Mapping our analogy to the original point, detection is particularly valuable when:
- It is simple compared to the solution. Measuring the end result (heart rate; maximum cash %) is much simpler than making sure the end result will always cover every possible scenario, including rare ones (using the drug while simultaneously taking another rare drug; second-biggest market drop in the last ~90 years).
- There are not too many false positives (higher but still normal heart rate; cash just a bit more overweight than normal) or false negatives (patient experiencing an hard-to-detect health problem; portfolio being moderately imbalanced on every day instead of extremely imbalanced on a single day only).
Our proprietary backtest infrastructure helps us validate investing behavior extensively during development time. This is an improvement over performing some one-off investment research before rolling out an investing product. Detecting problems ahead of time is obviously better than getting a call from an unsatisfied client who discovers a problem months after rolling out DI.
- Direct Indexing also allows values-based investing, where certain stocks may be excluded, or held at different weights than their normal target in the stock index, so as to conform to an investor’s values (e.g. a vegetarian avoiding meat processor stocks). Unlike “DI with TLH”, this is also applicable to tax-deferred accounts. We support that as well – not just exclusions, but also tilts – but it is not as interesting from an investment sophistication angle, and we are ignoring it for purposes of this post.
- This assumes a daily schedule for evaluating accounts to decide whether to harvest losses (though not necessarily trading daily, because it will not always be worth the trouble). It can be done less frequently, especially if it requires human intervention, or more frequently, especially on days with big intraday moves. In practice, daily is frequent enough.
- This decision may also consider the entire position, not just a single tax lot. We may not want to sell too small a tax lot at a loss today, because buying later will cause a wash sale, so it ‘locks out’ that stock during the next 30 days, so we may want to limit selling to large enough amounts.

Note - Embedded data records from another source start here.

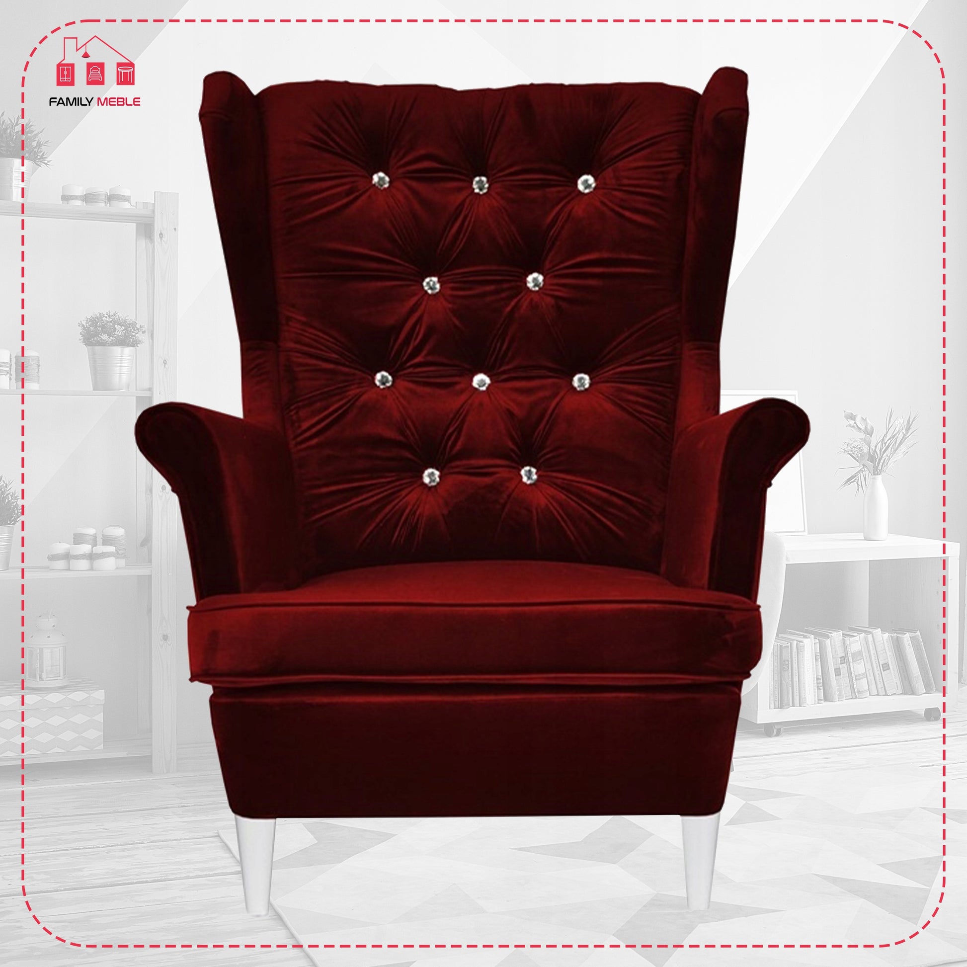 Oparcie fotela jest standardowo zdobione kryształkami Swarovskiego, istnieje jednak możliwość zamienienia ich na guziki materiałowe. W przypadku zainteresowania ozdobą tego rodzaju, poinformuj nas o tym w Wiadomości do Sprzedającego.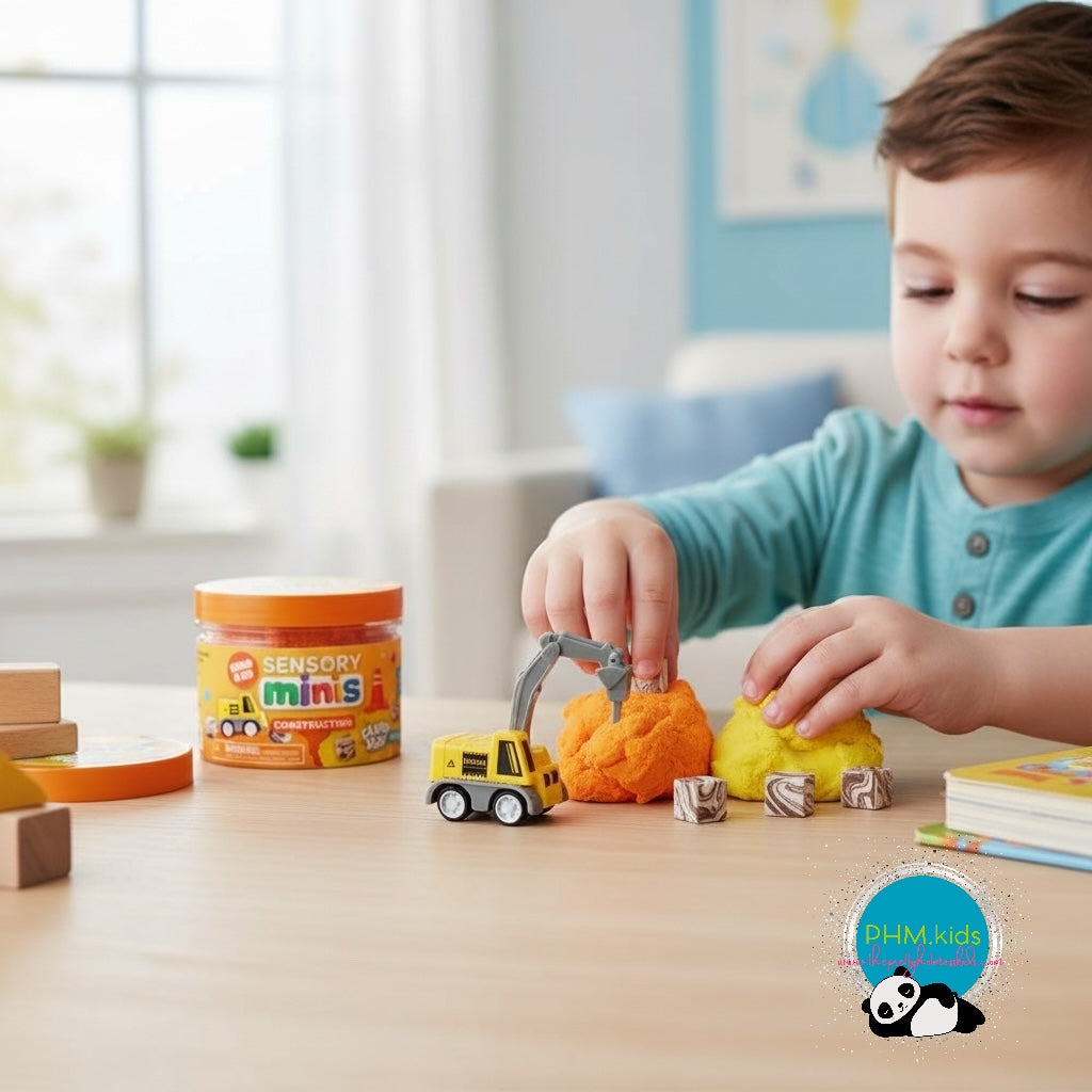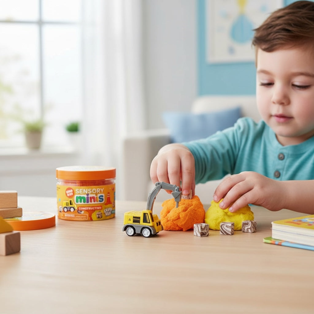 🚧 Construction – Bright colors, mini trucks, and textures to build and play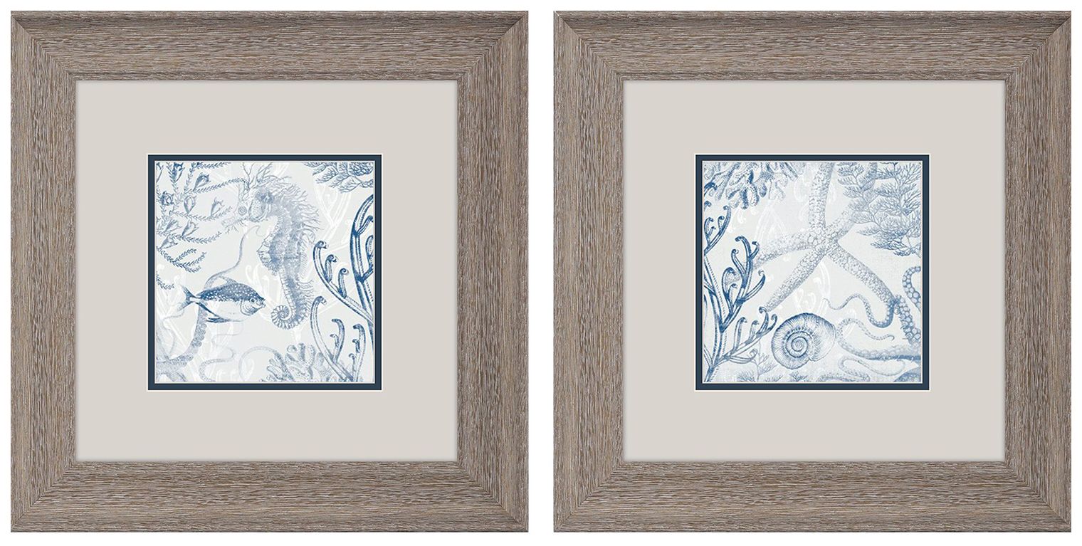 Seabed Scene B 13"W x 13"H Framed Art Set of 2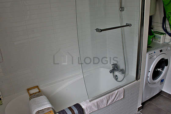 Este apartamento tiene una sala de baño magnífica y muy clara with ventanas doble acristalamiento. Este baño tiene todo lo necesario para su bienestar diario : toallas, estantería, armario empotrado, bañera, radiador seca-toallas. El WC está separado de la sala del baño y ubicado en un espacio independiente.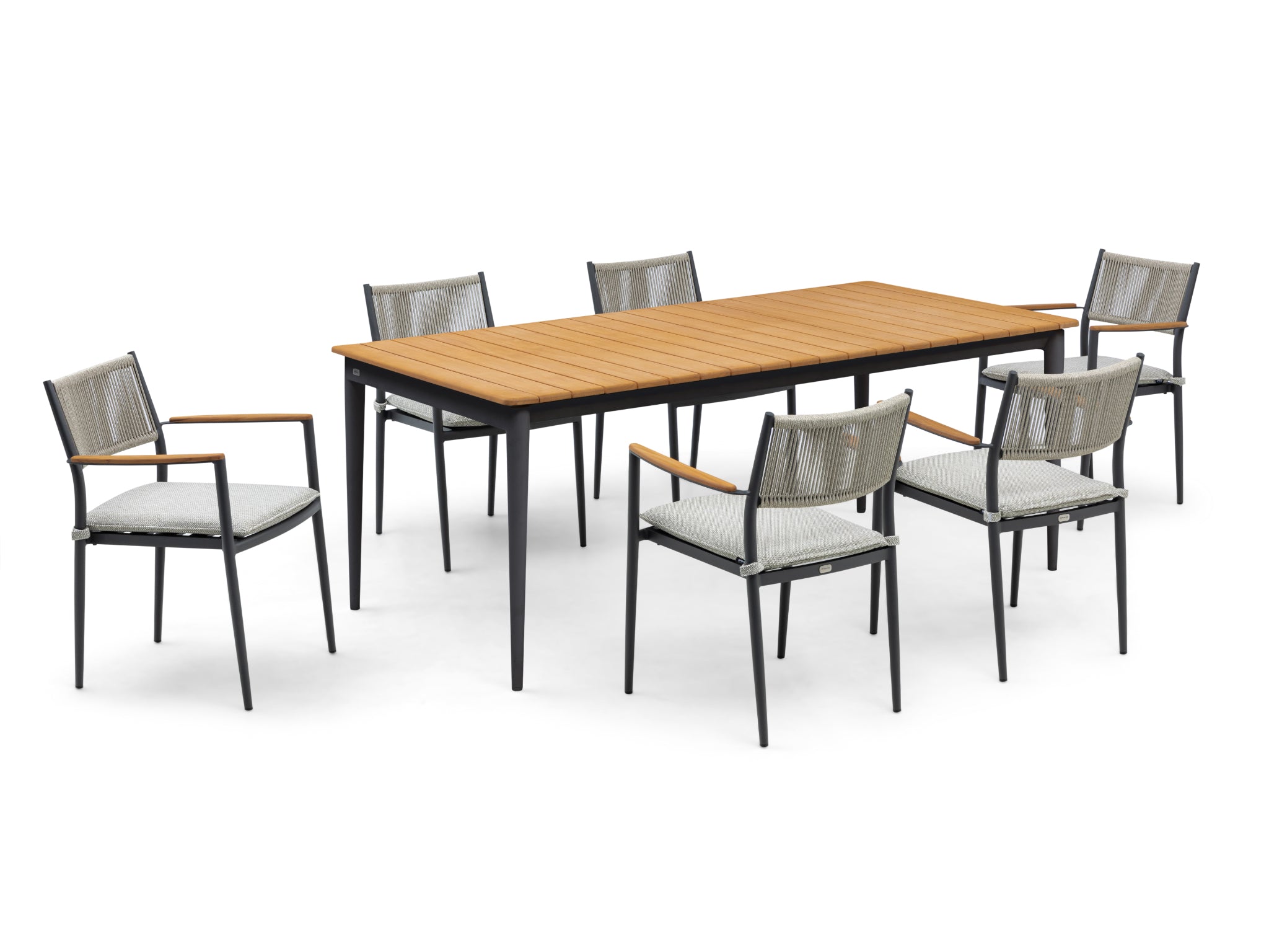 The contemporary design of the Timmi dining chair and its harmonious combination of aluminium and woven back will create a cozy atmosphere on your patio. The olefin rope stretches vertical over a solid aluminium frame. The polished teak bars mould to the frame beneath. The aluminium seat with olefin seat cushion delivers the comfort with no compromise on beauty.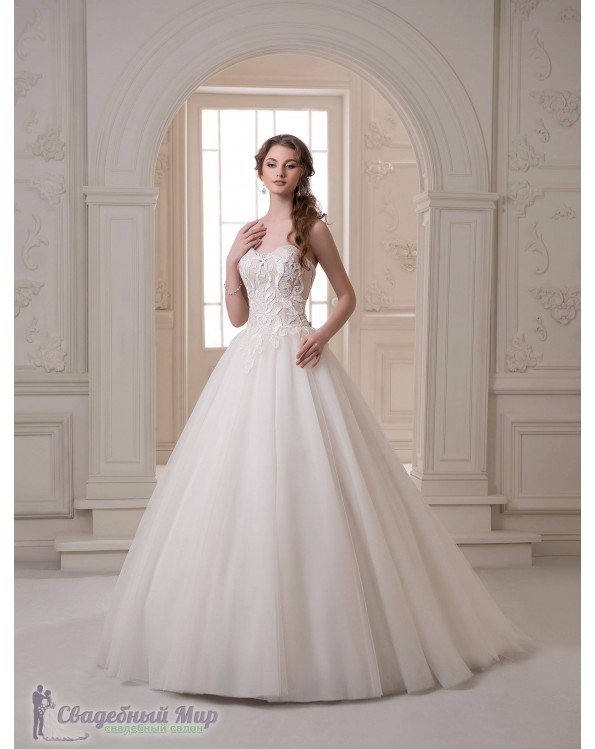 Кокетливое свадебное платье. Оно эффектно выглядит благодаря белоснежному кружеву, наложенному на основу телесного цвета. Кружевной декор с лифа переходит на воздушную юбку, которая сзади переходит в шлйф. Открытые плечи, глубокое декольте, богатый декор - дополняют образ.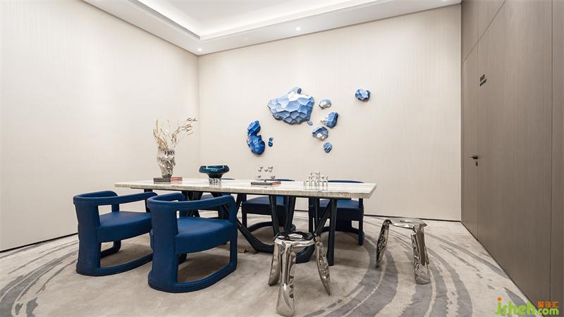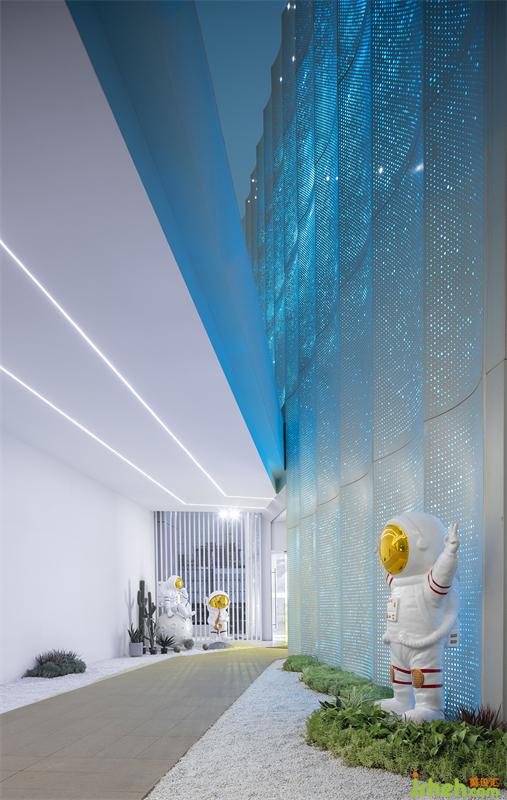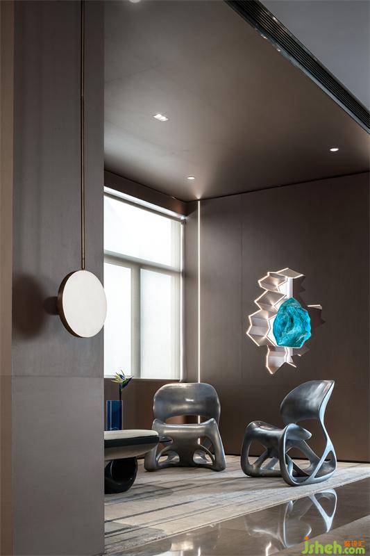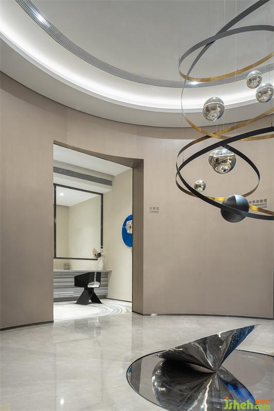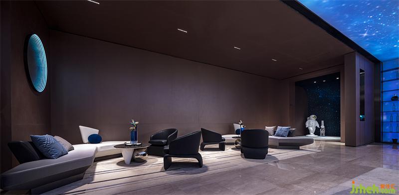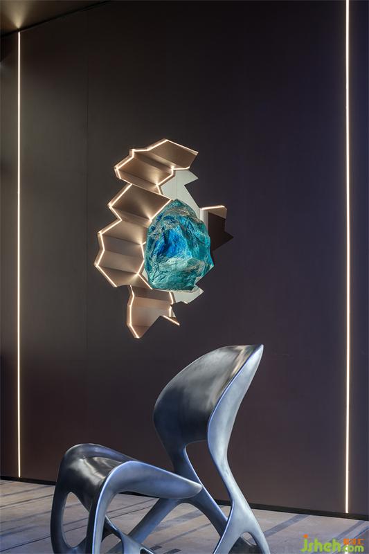 流星体,流星和陨石都是宇宙中的碎片,在包罗万象的宇宙中漫步前行,形成壮丽的神秘景观。签约室墙面的艺术造型,我们提取宇宙碎片的不规则性,以符合空间切面的形式,提炼出简洁的菱形装置,律动般悬挂于墙面,使行者仿佛漫步于浩瀚宇宙下,增强空间的趣味性。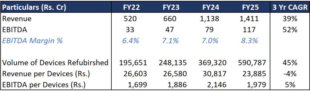 GNG’s financial trajectory in recent years mirrors its operational story of rapid scaling. The company has been on a steep growth curve, outpacing the industry by a wide margin. From FY22 to FY25, GNG’s revenue from operations surged from Rs. 520 Cr to Rs. 1,411 Cr, CAGR of 39**%**, even as the global refurbished electronics market grew at about 10.7%.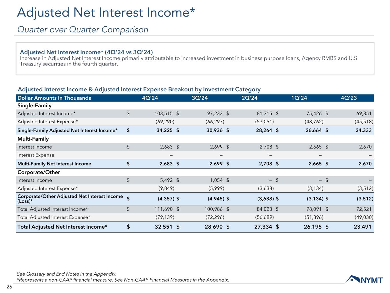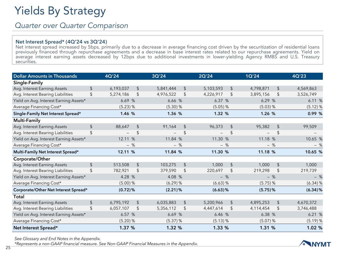 按策略划分的收益率季度对比净息差*(Q4’24 vs Q3’24)净利差增加5bps,主要是由于此前通过回购协议融资的住宅贷款证券化推动平均融资成本下降,以及与我们的回购协议相关的基础利率下降。平均生息资产收益率下降12bps,原因是对收益较低的机构RMBS和美国国债进行了额外投资。见附录中的词汇表和结尾注。*表示非GAAP财务指标。见附录中的非GAAP财务指标。千美元金额Q4‘24 Q3’24 Q2‘24 Q1’24 Q4 ' 23单户平均生息资产$ 6,193,037 $ 5,841,444 $ 5,103,593 $ 4,798,871 $ 4,569,863平均。有息负债$ 5,274,186 $ 4,976,522 $ 4,226,917 $ 3,895,156 $ 3,526,749平均收益率。生息资产*6.69% 6.66% 6.37% 6.29% 6.11%平均融资成本*(5.23)%(5.30)%(5.05)%(5.03)%(5.12)%单户净利差*1.46% 1.36% 1.32% 1.26% 0.99%多户平均生息资产$ 88,647 $ 91,164 $ 96,373 $ 95,382 $ 99,509平均。计息负债$ — $ — $ — $ —平均收益率。生息资产*12.11% 11.84% 11.30% 11.18% 10.65%平均融资成本*——% ——% ——% ——% ——%多户净息差*12.11% 11.84% 11.30% 11.18% 10.65%公司/其他平均生息资产$ 513,508 $ 103,275 $ 1,000 $ 1,000 $ 1,000平均计息负债782,921美元379,590美元220,697美元219,298美元219,739美元平均收益率。生息资产*4.28% 4.08% —% —% —%平均融资成本*(5.00)%(6.29)%(6.63)%(5.75)%(6.34)%企业/其他净利差*(0.72)%(2.21)%(6.63)%(5.75)%(6.34)%总平均生息资产$ 6,795,192 $ 6,035,883 $ 5,200,966 $ 4,895,253 $ 4,670,372平均。计息负债$ 6,057,107 $ 5,356,112 $ 4,447,614 $ 4,114,454 $ 3,746,488平均收益率。生息资产*6.57% 6.69% 6.46% 6.38% 6.21%平均融资成本*(5.20)%(5.37)%(5.13)%(5.07)%(5.19)%净利差*1.37 % 1.32 % 1.33 % 1.31 % 1.02 % 25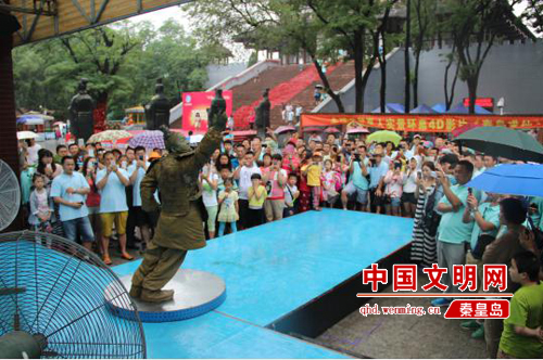 2016年7月7日,記者來到秦皇求仙入海處。在求仙殿廣場(chǎng)的東南方舞臺(tái),伴著富有節(jié)奏感的音樂響起,“泡泡大叔”的街舞表演準(zhǔn)時(shí)開始。他穿著皮質(zhì)的兵馬俑服裝,蹬著黑色軍靴,臉上涂滿灰色油彩。只見他雙腳不動(dòng),雙手舞動(dòng)前伸,身體前傾與地面成45度。固定幾十秒后,身體慢慢復(fù)位站直,又隨著音樂跳起了街舞。大約半個(gè)小時(shí)后,汗如雨下的“泡泡大叔”沖到電扇前吹風(fēng),一口氣喝下2瓶藿香正氣水,又跑回舞臺(tái)繼續(xù)表演。

- Although there are a few cases involving a combination of taxable and tax-deferred accounts where the tax loss is forfeited forever, in most cases a wash sale results in the tax loss being disallowed, but it can be used to reduce liability in the future. However, in practice, it is customary to disallow wash sales altogether, except for scenarios such as withdrawals, where a client may not care about wash sales.